Wednesday through today have been … different. I got a job offer early Wednesday. So I have been inventorying and signing papers rather than job searching. Also, my perspective has changed. Before I oscillated between feelings of hopelessness (“I’ll never get a job”) to feelings of doubting optimism (“God has a plan for me eventually“) to unfounded/vague optimism (“It’ll all work out”). Now, there is an end to my joblessness and I feel different.
Now that I have some certainly about the future, I feel better than when I felt like I wasn’t moving forward on anything. I felt like I was stuck in a very small town of five thousand for almost indefinitely. I have lived here since I was four. After going to college in Seattle, which I absolutely loved, I had to return to this town in June 2009. Now, 7 months later, I’m leaving.
Even though I didn’t enjoy living here that much, I am going to miss it. You cannot live someplace very long before forming connections with the community and church. That is true for me and I am the shiest that I know. Any severance hurts even when most of my high school friends have left Burns. ”Parting is such sweet sorrow.”
The future is not completely certain though. This job has many stages. The first is 5 weeks of classroom training, which I have non-employee status and a stipend. There is a chance that I won’t advance to the actual job and have to pay back the stipend. I almost didn’t sign the papers quickly enough when I was waiting for them to answer how large that chance is. Then I got an email that there was one slot left so I signed right away. I am definitely do well in training so that that is not a possibility.
Also, the position is in Pierre, South Dakota. This is quite an adventure estimating relocation costs and the trip itself will be quite an adventure. All of this is new to me, so there is quite the learning curve. I can manage though.
As a Christian, I am supposed to focus on the invisible and eternal, rather than the temporary. I don’t think anyone can do this “focusing” all that well. I have felt hopelessness in other situations including my group software project. I don’t think I cannot stop focusing on the temporary; I am human after all. If I focus on circumstances, then I am prone to oscillations in hopelessness. The platitudes did get me through it though (“keep pushing on. I’m sure God has a plain for you”). This depended on the person saying the platitude though. With some people the same words sounds almost mocking.
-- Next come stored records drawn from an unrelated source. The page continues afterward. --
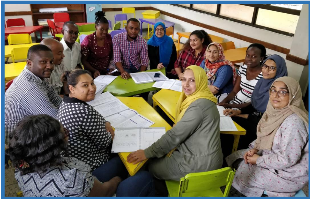
Teachers get together to discuss learning units and share ideas
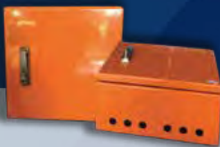
Powder Coated 400x400x200mm Custom Encl.
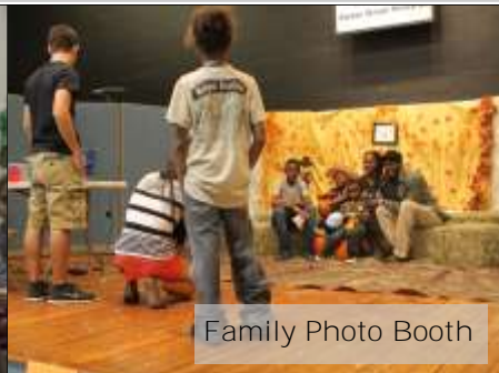
Family Photo Booth
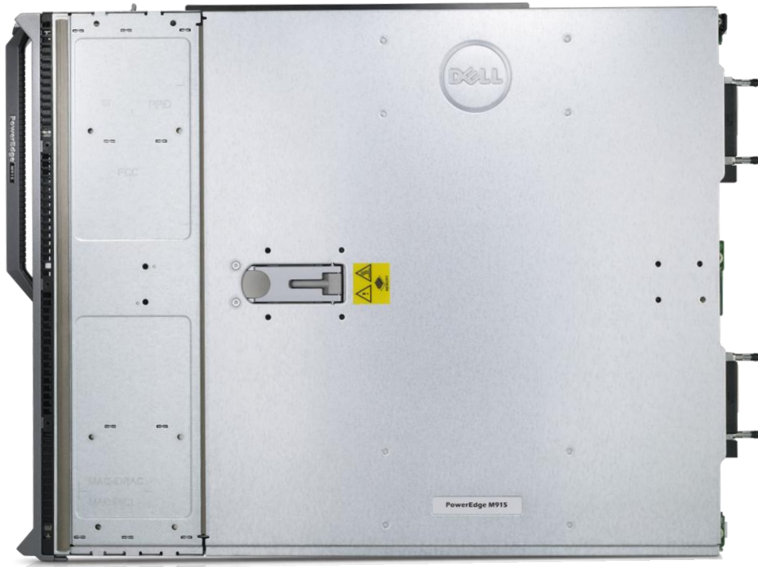
Figure 3. Side View

Figure 3 shows the side view of the M915.
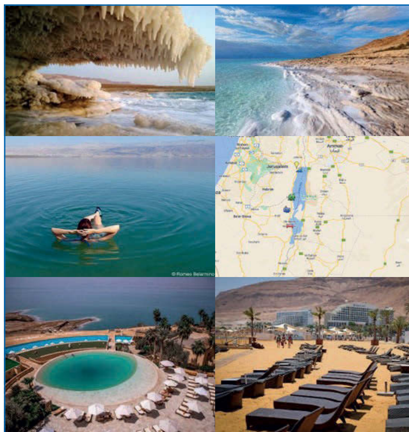
Figure 2: Dead Sea – a wonder in the world.

As figure 1 demonstrates: the use of a relevant context-based situation is important, as relevance is a very useful precursor for developing students' personal interest and a powerful stimulus for science learning (Gilbert, 2006; Pilot and Bulte, 2006). The theoretical construct is that relevance drives students' motivation to learning and once relevance is established, the motivation for involvement can go beyond the context-based scenario and lead into scenario-related conceptual science learning. Unfortunately, standard approaches, which assume science is inherently interesting for students, if taught well, have been shown to have

The last couple weeks, my church has Sunday school on leaning on the promises of God. The last week, the message centered around Psalms 27:13 “I would have despaired unless I had believed that I would see the goodness of the LORD in the land of the living.” Have I despaired? No, but I believe that I was depressed several times during my job search. (Not as much as Freshman year of college but that is a different story.) I do know that my happiness and carefreeness now will evaporate into hopelessness once again sometime if I am still reliant on circumstances. I have slept the last couple nights without waking up in the middle of the night like I usually do, which is probably a coincidence.